Status: landed as docs + reference data, Path-B-pure. docs/cc-x-endpoints.md + machine-readable docs/cc-x-recipes.json record the core-lab endpoint matrix, the operational gotchas (silent prompt-cache degradation, CLAUDE_CODE_DISABLE_EXPERIMENTAL_BETAS pin, CLAUDE_CODE_AUTO_COMPACT_WINDOW sizing, marketplace model-identity instability, data-sovereignty gate), and the honest-default refusal to pin a model/version for the Baidu/Tencent marketplace endpoints. scripts/validate-cc-x-recipes.mjs + its paired test guard STRUCTURE only — required fields, a source{url,date} per entry, a constrained status (verified / marketplace-unstable), and the marketplace honest-default — NOT that the endpoints/models are currently accurate (that stays a per-entry source-URL re-check, since a live probe is out of scope). cc-X rides the EXISTING claude/opencode runtimes via standard env vars — verified zero runtime change needed (claude.js already forwards the ANTHROPIC_* trio on both the claude -p and tmux paths). NO cc-X provider/adapter/runtime was added; that refusal is the decision, recorded in Explicit non-goals below.


Explicit non-goals

These are principled refusals, not backlog. Do not schedule them without an explicit reversal conversation with the user.

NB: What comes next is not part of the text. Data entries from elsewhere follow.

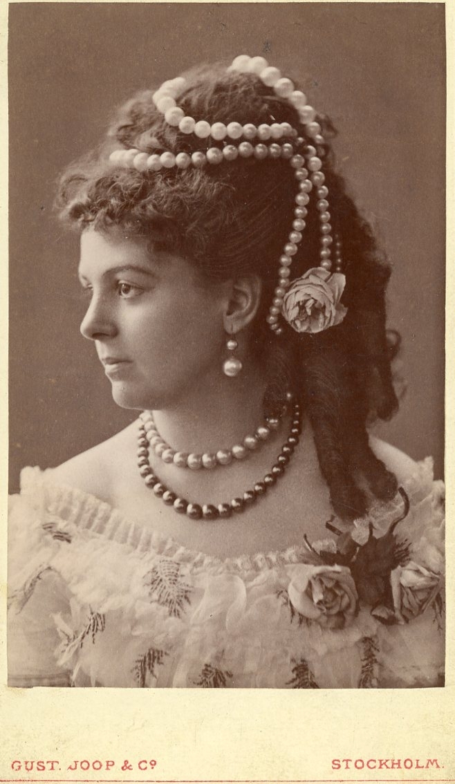 Kabinettsfotografi av en kvinna med en ros och pärlor i håret, även pärlhalsband.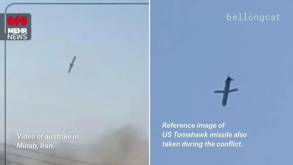 Menurut Bellingcat, rudal Tomahawk memiliki ciri khas pada bentuknya, pola penerbangannya, serta karakteristik ledakan yang spesifik. Tim riset ini menemukan kesamaan yang mencolok antara rekaman video serangan tersebut dengan rekaman serangan lain di wilayah Minab. Serangan-serangan sebelumnya tersebut diklaim sebagai bagian dari operasi militer Amerika Serikat.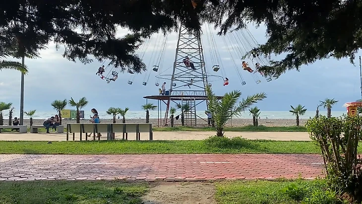 Батуми довольно контрастный город, с одной стороны хаотичная застройка старого города, с другой возвышающиеся над морем небоскребы и высотки в новых районах города. В середине июля самый разгар туристического сезона, но из-за ковидных ограничений туристов не так много, как могло бы быть, хотя народу все равно хватает.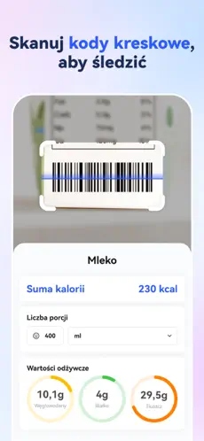 Aplikacja pozwala na analizę jedzenia na podstawie zdjęcia lub opisu, automatycznie obliczając kalorie i wartości odżywcze.
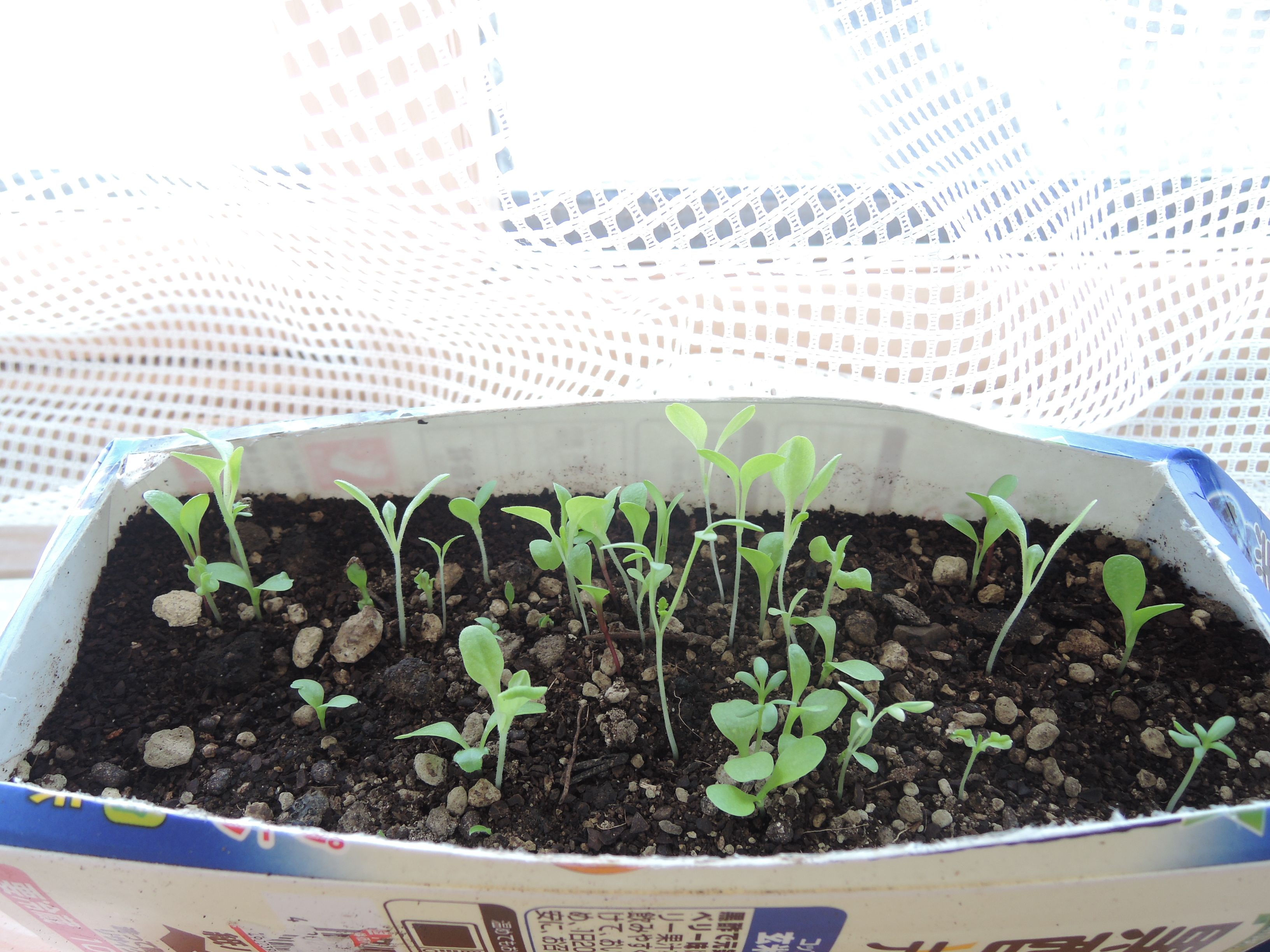 最近は晴れの日が多くて引きこもりのワタクシもニコニコ気分です今月初旬に撒いた野菜の種もようやく芽が出てきて、こんな感じに↓↓↓↓サラダ菜↓アイスプラント↓ラディッシュ↓ネットを見てたら、使い終えた牛乳パック(廃材利用)を鉢にしてやってる方がいたのでマネしてみました。かぼちゃ(畑移植用)↓パクチー↓なすきゅうりピーマン夏野菜(なす、きゅうり、ピーマン)の苗は購入して植え替えました。1ヵ月後、2ヶ月後、狭いベランダでうまく育ってくれるといいけど。今週から長期実家帰省するので心配です(^-^;それから久々にHB(ホームベーカリー)でパンを焼いてみました。くるみとチーズを細かく刻んで入れてみたら、チーズは跡形もなく溶けて味しないし、カットしたら中は空洞だし、なんだか失敗HBで失敗するって、どんだけ要領悪いんだか...悲しい。一応食べれたけど、家族の反応は...でもこのHB、かなりの年季物で、17年も経っているのによく働いてくれてます(人''▽`)☆パンが好きな私は当時よくHBを愛用していたのですが、今じゃパン買ってばかりで、それはそれでいいのだけど、パン好きパン子だった私は何処に...今年はもっと努力研究してパン作りにいそしみたいなぁと思っておりますm(__)m...って、日記に書いて自分でハードルあげとかなきゃね~皆様のブログを拝見して影響うけつつガンバリま~す(^^)/今日のつぶやきでした

  • No shared BaseProvider / inheritance tree / template-method framework. The registry is a flat dispatch table and stays that way. (Memory: feedback_no_shared_runtime.md.)
  • No unified event schema that collapses provider-specific semantics. extractProviderEventText dispatches per provider for a reason.
  • No cold / retry timing metrics. Upstream CLIs do not emit stable signals; any implementation would be a fake. Stays unsupported. (Memory: project_cold_retry_unmeasured.md.)
  • No "monitor" / daemon / long-lived polycli process. Each invocation is a short-lived CLI run against a live provider. Daemon mode would compress orthogonal axes (runtimePersistence / measurementScope) that the current timing contract explicitly keeps separate.
  • No per-vendor cc-X "coding plan" provider adapter/runtime. Domestic-model Anthropic-compatible endpoints are DOCUMENTED ANTHROPIC_BASE_URL recipes (docs/cc-x-endpoints.md / docs/cc-x-recipes.json) that ride the existing claude/opencode runtimes, not new providers. Building a glm/deepseek/minimax "coding" adapter would violate Path B; do not "finish" the recipes into a framework.

How to update this file

  • When an item lands: delete it (do not strike through). Record the commit hash in CHANGELOG.md as usual.
  • When priorities shift: move items between Short-term / Medium-term sections; explain why in the CHANGELOG entry.
  • When a design question gets an answer: delete the Q and document the decision either in AGENTS.md (durable constraint) or CLAUDE.md (Claude-specific note).
  • When a new deferred item arises from a review: add it here in the same numbered style (R8, Q4, ...) with source reference.
  • Cross-reference the review docs it came from so the full context is one click away.